Thursday, July 12, 2007

Lady Bird Johnson

Wednesday morning I was at the LBJ Library in Austin. I meant to ask about Lady Bird’s health. She had been sick for a while, and suffered a stroke in 2002. She had lost her sight, and most recently her ability to speak. A few weeks ago she was back in the hospital due to a fever, so I did want to see how she was. I didn’t get a chance to, and then learned Thursday that she passed away.

I met Lady Bird, Bill Moyers, Jack Valenti, Liz Carpenter and other members of Lyndon Johnson’s inner-circle while I was an undergraduate. As an undergraduate history major and as a graduate student, I did most of my research on Johnson, and spent quite a bit of time at the Library. I see Liz Carpenter every year at the Texas history convention I go to and always asked her about Lady Bird. I only met Lady Bird once, and only briefly, but she exuded warmth and kindness.

The Johnsons were products of a time when the Democratic Party was on top. They followed the Kennedy’s, and although many people did not expect much from LBJ, he changed America. He fought discrimination and racism, promoted education, and sought to end poverty.
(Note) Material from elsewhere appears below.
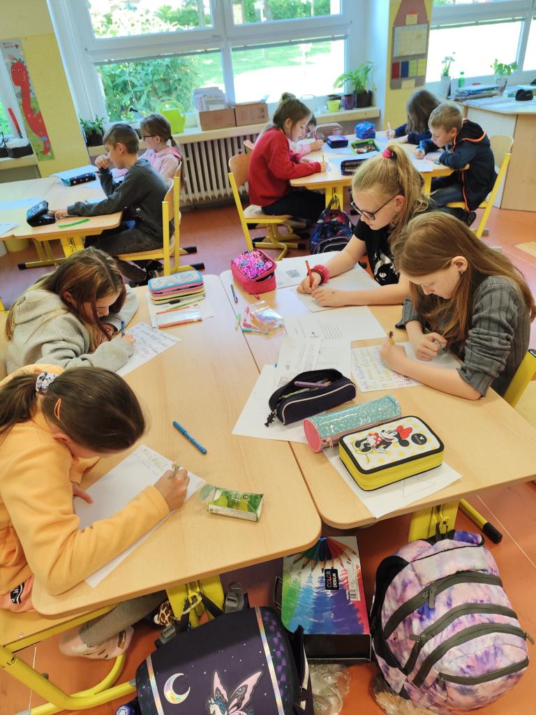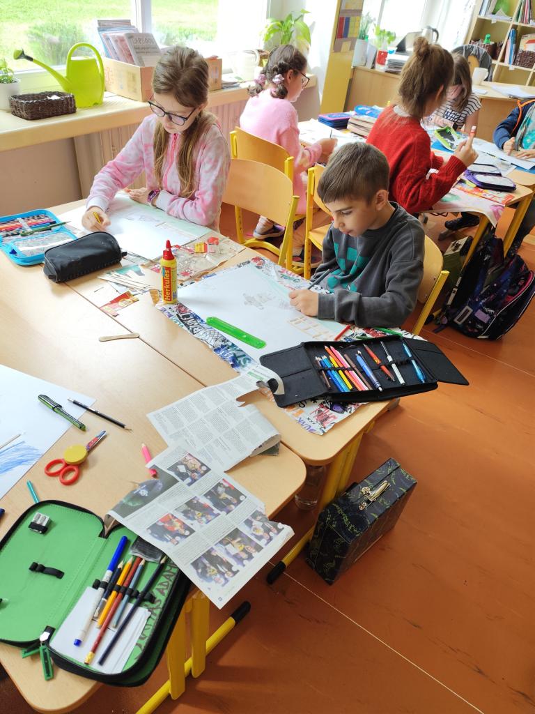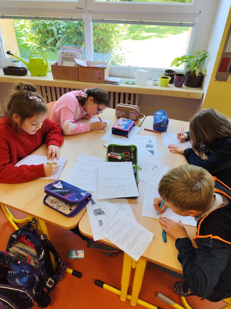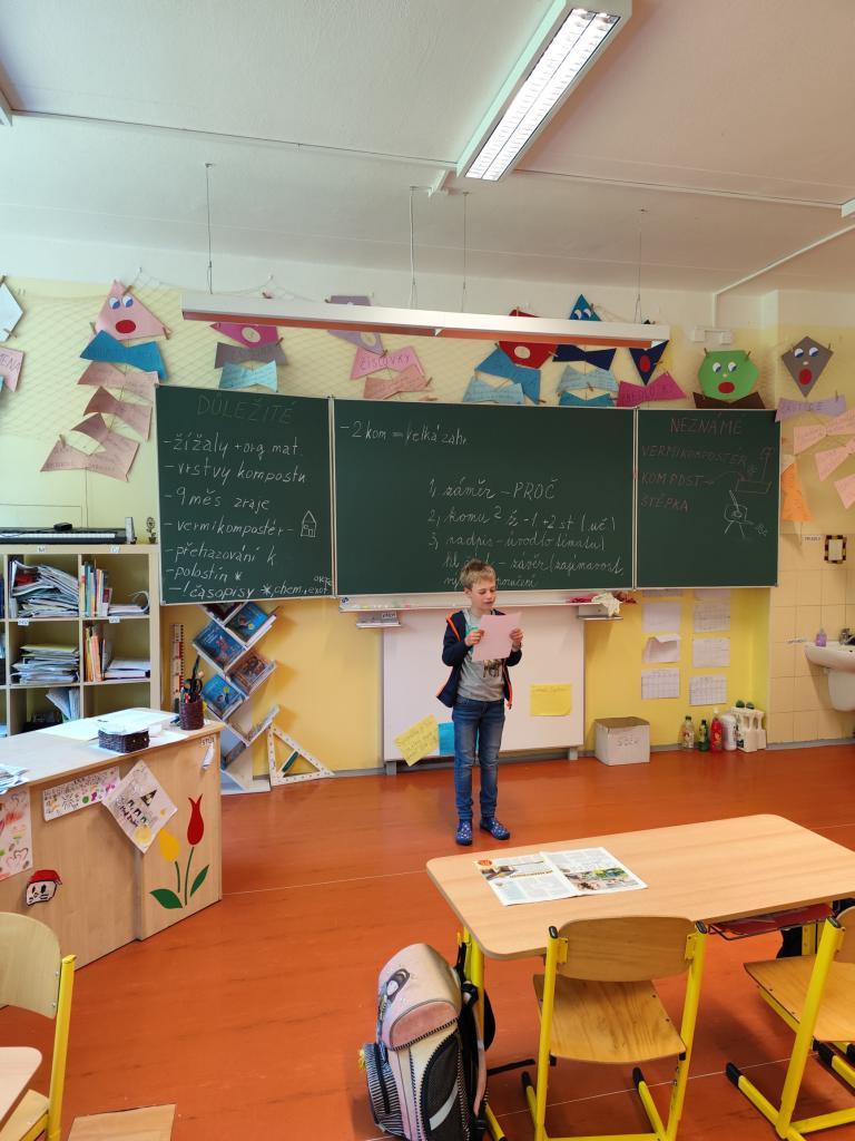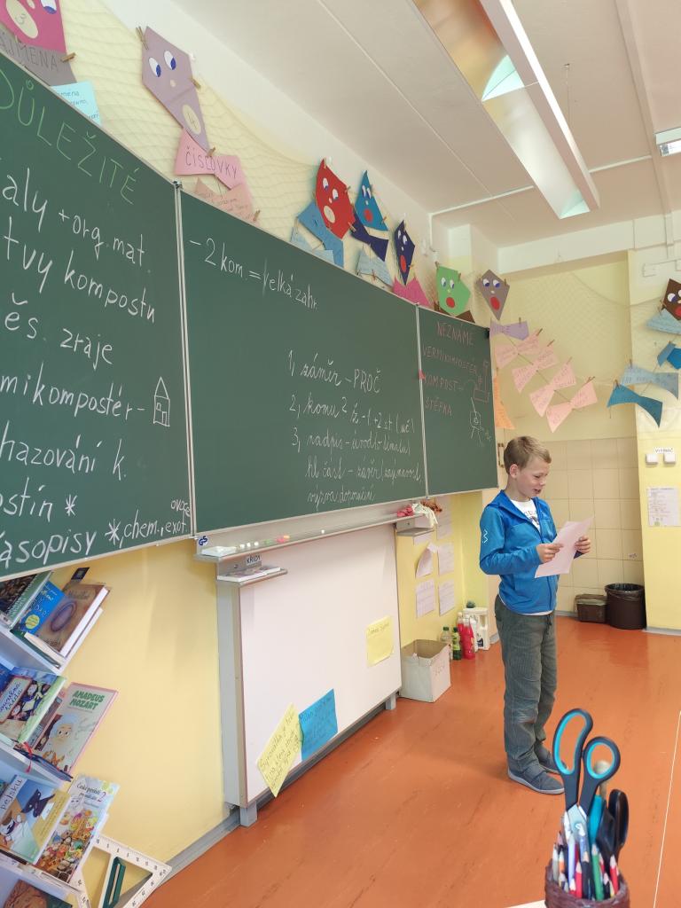 Malí zahradníci ze 3. A se dnes učili třídit odpad, který lze dávat do kompostéru. Četli odborné texty, vyhledávali důležité a zajímavé informace, vysvětlovali si neznámé pojmy. Pracovali metodami kritického myšlení: Černá ovce, Rybí kost, Propustka. V pisatelském úkolu psali dopis žížale a jeden žák se pokusil napsat článek do školního časopisu. Kompostovatelný odpad, který si přinesli z domova, uložili do speciálních sáčků a odnesli do školního kompostéru. V závěru projektového dne tvořili žáci z přírodních materiálů koláž zahrady s kompostérem. Práce se jim dařila. Děkuji žákům i rodičům za spolupráci.

He was also a Cold Warrior, and his efforts to continue the battle against Communism-for better or worse-were influenced by a generation that saw the horrors of dictatorial governments during World War II and wanted to prevent them. It was at the same time, the best years of the Democratic Party, and some of the worst.

Lady Bird was one of the last living legacies of that period, and a strong woman in her own right. As State Senator Rodney Ellis said yesterday, Lady Bird was a strong influence at a time when women weren’t expected to play an active role in presidential politics, yet she was one of the first to make the preservation of the environment an important issue, and fight against littering.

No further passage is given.